1.down-after-milliseconds

# sentinel down-after-milliseconds <master-name> <milliseconds>
#
# Number of milliseconds the master (or any attached【所依附的】 slave or sentinel) should
# be unreachable (as in, not acceptable reply to PING, continuously, for the
# specified period) in order to consider it in S_DOWN state (Subjectively
# Down).
# 这段的意思是sentinel在和master【注意：不仅仅是master，还有slave、sentinel】失联多少毫秒后，可以做出主节点S_DOWN的判断。
# 此参数的作用范围不仅仅是 sentinel到master的连接；还有sentinel到slave的连接；sentinel到sentinel的连接。
# Default is 30 seconds.

sentinel down-after-milliseconds mymaster 30000

换句话说

down-after-milliseconds is the time in milliseconds an instance should not be reachable (either does not reply to our PINGs or it is replying with an error) for a Sentinel starting to think it is down.

2. parallel-syncs

# sentinel parallel-syncs <master-name> <numslaves>
#
# How many slaves we can reconfigure to point to the new slave simultaneously【同时】
# during the failover. Use a low number if you use the slaves to serve query
# to avoid that all the slaves will be unreachable at about the same
# time while performing the synchronization with the master.
##如果想在failover期间，slave同步新master的这个过程中，仍然想有部分slave 可以提供查询服务，那么可以将这个
##值设置小一点。【需要注意的是，这样带来的坏处就是：提供的查询服务，不保证数据的一致性，和主节点是有数据差异的；
##此外，faiover的master 和 所有slave的数据同步过程被拉长了】
sentinel parallel-syncs mymaster 1

parallel-syncs sets the number of replicas that can be reconfigured to use the new master after a failover at the same time. The lower the number, the more time it will take for the failover process to complete, however if the replicas are configured to serve old data, you may not want all the replicas to re-synchronize with the master at the same time. While the replication process is mostly non blocking for a replica, there is a moment when it stops to load the bulk data from the master. You may want to make sure only one replica at a time is not reachable by setting this option to the value of 1.

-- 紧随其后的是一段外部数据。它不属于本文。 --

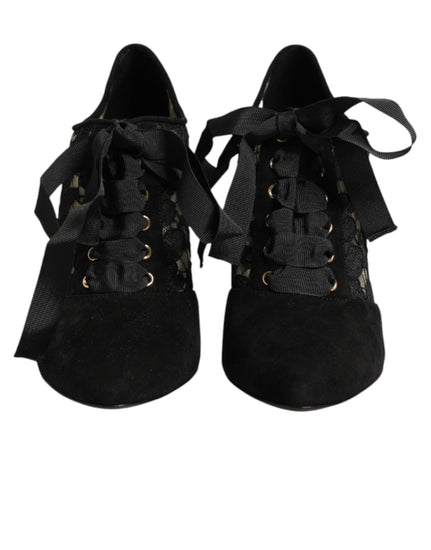 lace-up pumps capture romantic sophistication with a bold floral flair. Crafted from intricate black floral lace, they feature a pointed toe and elegant lace-up ties that wrap gracefully around the ankle. The slender stiletto heel enhances the silhouette, while the delicate design adds a touch of timeless femininity. Perfect for evening wear or adding allure to any refined ensemble.
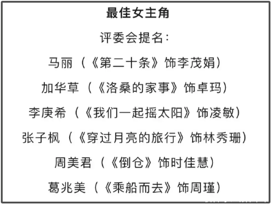 同理,要是赵丽颖拿到了金鸡奖最好女副角,就算有评委加持,马丽和雷喜讯都很难同期获奖了。

该属性用于指定，在故障转移期间，即老的master出现问题，新的master刚晋升后，允许多少个slave同时从新的master进行数据同步。默认值为1表示所有slave逐个从新master进行数据同步。

3.failover-timeout

# sentinel failover-timeout <master-name> <milliseconds>
#
# Specifies the failover timeout in milliseconds. It is used in many ways: ##【注意：这个时间有多个用途】
#
# - The time needed to re-start a failover after a previous failover was
# already tried against the same master by a given Sentinel, is two
# times the failover timeout. ---定语比较多，比较复杂，
# 抽出核心主谓宾：The time is two times the failover timeout.
#
# - The time needed for a slave replicating to a wrong master according
# to a Sentinel current configuration, to be forced to replicate
# with the right master, is exactly【确切地；恰好】 the failover timeout (counting since
# the moment a Sentinel detected the misconfiguration).##【从sentinel发现配置信息不准确时开始计时】
# 抽出核心主谓宾：The time is exactly the failover timeout.
#
# - The time needed to cancel a failover that is already in progress but
# did not produced any configuration change (SLAVEOF NO ONE yet not
# acknowledged by the promoted slave).
# 抽出核心主谓宾：The time needed to cancel a failover.
#
# - The maximum time a failover in progress waits for all the slaves to be
# reconfigured as slaves of the new master. However even after this time
# the slaves will be reconfigured by the Sentinels anyway, but not with
# the exact parallel-syncs progression as specified.
# 【however后面的意思是说：然而，不管怎么样，即是超过了这个定义的最大阈值，sentinel还是可以修改配置的；
# 但是，不是严格按照前面定义的parallel-syncs的方式，例如，不再是前面默认的一个一个slave节点处理了。】
# Default is 3 minutes.
sentinel failover-timeout mymaster 180000

Moreover Sentinels have a rule: if a Sentinel voted another Sentinel for the failover of a given master, it will wait some time to try to failover the same master again. This delay is the 2 * failover-timeout you can configure in sentinel.conf. This means that Sentinels will not try to failover the same master at the same time, the first to ask to be authorized will try, if it fails another will try after some time, and so forth.

指定故障转移的超时时间，默认时间为3分钟。该超时时间的用途有很多：

由于第一次故障转移失败，在同一个master上进行第二次故障转移尝试的时间为gai值的两倍。
新master晋升完毕，slave从老master强制移到新master进行数据同步的时间阈值。
取消正在进行的故障转移所需的时间阈值。
新master晋升完毕，所有的replicas的配置文件更新为新master的时间阈值。

二. 动态修改配置

通过redis-cli连接上sentinel后，通过sentinel set 命令可动态修改配置信息。例如，下面的的命令修改了sentinel monitor 中的quorum的值。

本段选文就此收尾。